The inventors herein have recognized the above-mentioned disadvantages and have developed a system for controlling and reusing the vehicle exhaust system NH3 slippage, comprising: a first SCR positioned in a vehicle exhaust system downstream of an engine; a second SCR positioned in the vehicle exhaust system; and a controller including instructions to direct NH3 slippage from the first SCR to the second SCR, the controller including additional instructions to direct exhaust gases from the second SCR to the first SCR.
By storing NH3 slippage from a first SCR in a second SCR and directing exhaust gases from the second SCR to the first SCR, it may be possible to reduce NH3 slippage from a vehicle exhaust system to atmosphere as well as recover the slipped NH3 for further NOx reduction in the SCR and lower urea cost. In particular, NH3 that has slipped past the first SCR can be stored in the second SCR and then returned to the first SCR via desorption so that NOx may be additionally processed in the first SCR via the slipped NH3. In this way, it may be possible to better utilize NH3 that has been injected to the exhaust system to reduce NOx.
The present description may provide several advantages. Specifically, the approach may improve NH3 utilization in a vehicle exhaust system. Further, the approach may reduce an amount of NH3 emissions from a vehicle. Further still, the approach may also reduce the amount of NH3 used within the vehicle exhaust system since SCR NH3 can be recycled back to a primary SCR 70.
The above advantages and other advantages, and features of the present description will be readily apparent from the following Detailed Description when taken alone or in connection with the accompanying drawings.
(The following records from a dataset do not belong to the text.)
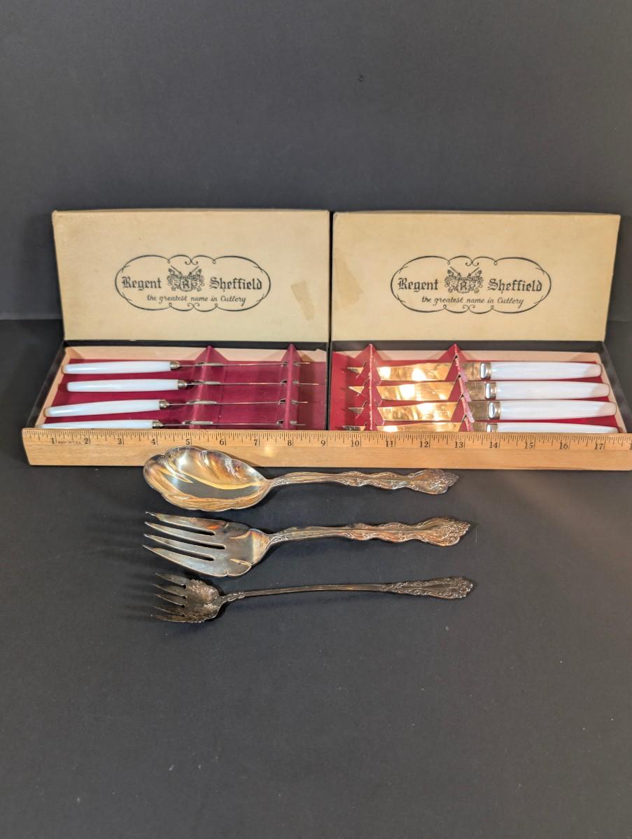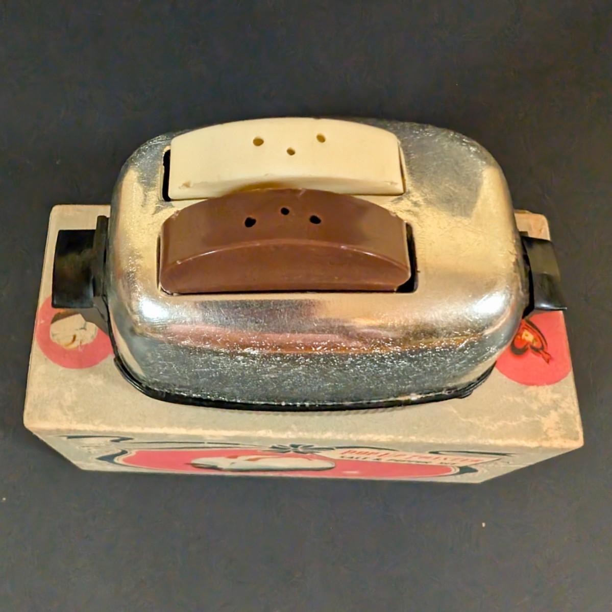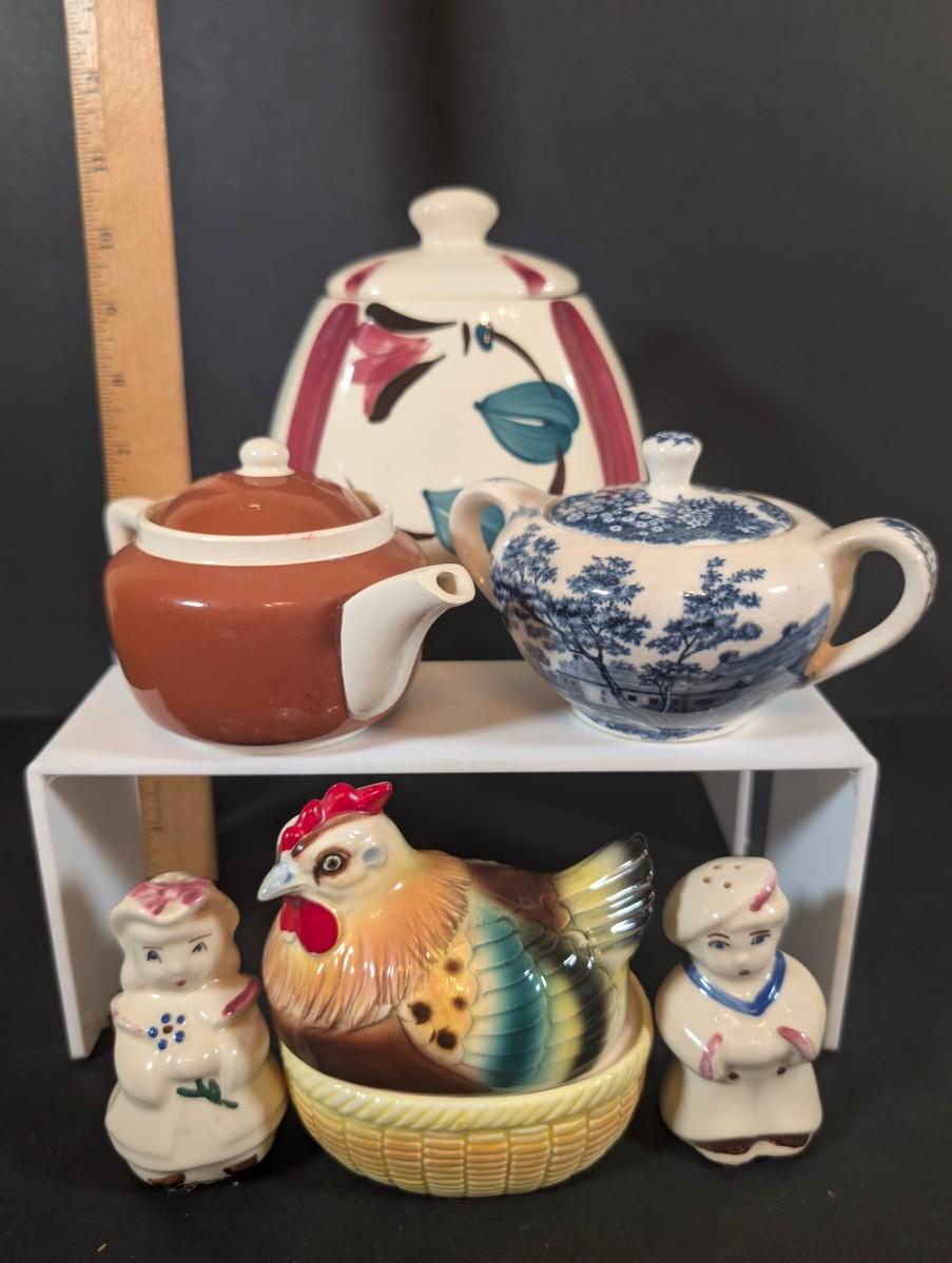 LOT 194: Vintage Kitchen Collection: Regent Sheffield Steak Knives, Norcrest Hen on Nest w/Egg Salt/Pepper Shakers, Shawnee Salt/Peppers Shakers, Pop=Up Toaster Salt/Pepper Shakers and More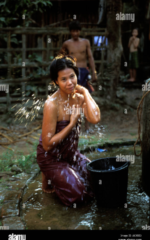 After his bath, having filled the well-side tub for her use, he retreated to the bed as agreed and waited in anticipation, but she started her bath with her clothes on. Crying foul, he rushed to the well and pulled at her sari, leaving her in her blouse and the petticoat. When his attack was directed at her midriff to untie the ribbon, she agreed to obey and sent him away.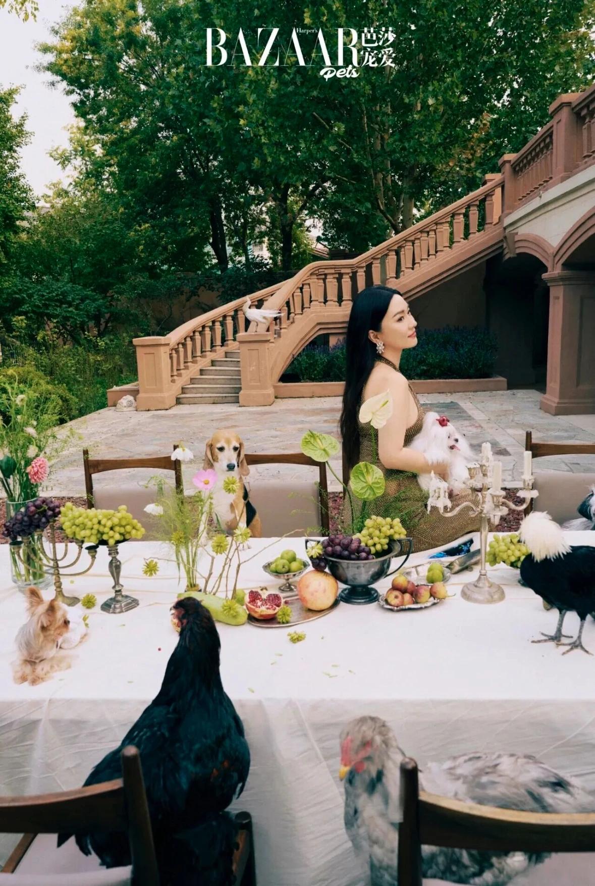 她在家里拍时尚杂志,随便一拍就是大片,哪个角落都很美。狗、鸡、孔雀,这就是霍思燕后半生的清醒与潇洒。

It should be understood that the summary above is provided to introduce in simplified form a selection of concepts that are further described in the detailed description. It is not meant to identify key or essential features of the claimed subject matter, the scope of which is defined uniquely by the claims that follow the detailed description. Furthermore, the claimed subject matter is not limited to implementations that solve any disadvantages noted above or in any part of this disclosure.